Sleeper at Arts Club (1 March ’18)

This is an extended version of the review of Sleeper at the Arts Club that I have already written for Getintothis – see here, with extra self-indulgence, beer and t-shirts.

I set off through the snow, finding out en route what time opening act Pink Kink were due on stage – giving me just enough time for a pint at The Dispensary.

This was Pink Kink’s first show as a four piece, having shed their sole male member. I’d seen them once before, at Sound City back in May 2016, as reviewed here.

Pink Kink

They’re a fun, bouncy, eclectic live presence, with post-punk circa 1979 at their heart. The opening number brought to mind a cross between X-Ray Spex and The Slits, with the next song more a mix of Young Marble Giants and Marine Girls.

Here’s the video to their new single Bubblebutt (together with Neanderthal first comment on YouTube that they referenced when introducing the song):

The closest contemporary point of comparison is probably Stealing Sheep, although much harsher and bubbly, but equally bonkers. In a good way. Unlike the last time I saw them, I didn’t spot a kazoo in action, sadly.

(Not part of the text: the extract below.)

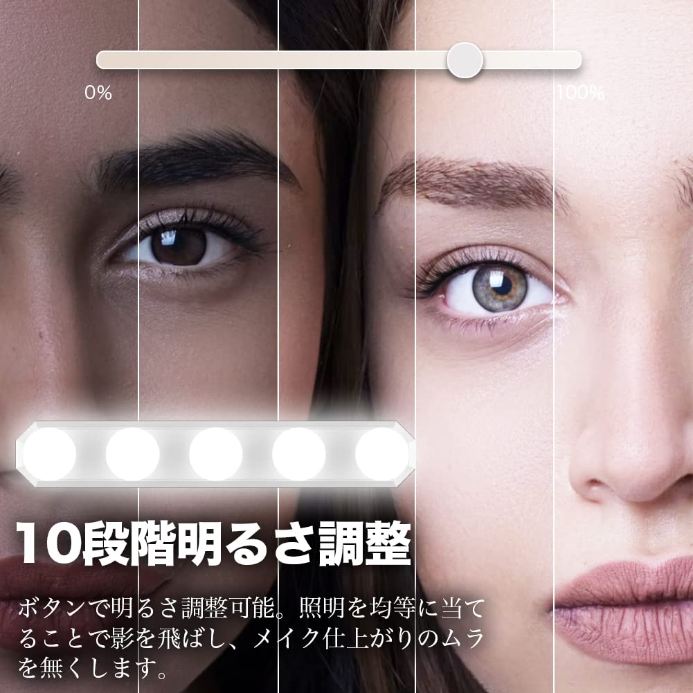 - 【省エネなUSBライト】USBに接続するだけで、普段の鏡がメイクアップライト鏡にグレードアップ!一つの電球は0.8ワットだけ、弱い電流なので安心で使えます。(コンセントがない場所でもモバイルバッテリーでご利用いただけます。)

They closed with their glorious Munchie Magic, a fabulous mix of Shonen Knife and The Rezillos“tangy cheesy pizza boyfriend” indeed.

Between bands, the DJ raided his Britpop collection for a mix of the expected (The Boo Radleys, Suede) and the slightly more surprising (The The).

How to do the reunion thing? There are a few options. You can decide to whitewash history and just focus on making new music a la Wire. You can get a bit curmudgeonly about having to play the old hits, like Dexys and Blondie. Or you can weave the old and the new together seamlessly, trying to relive former glories to somewhat diminishing returns. Witness Pixies and Ride.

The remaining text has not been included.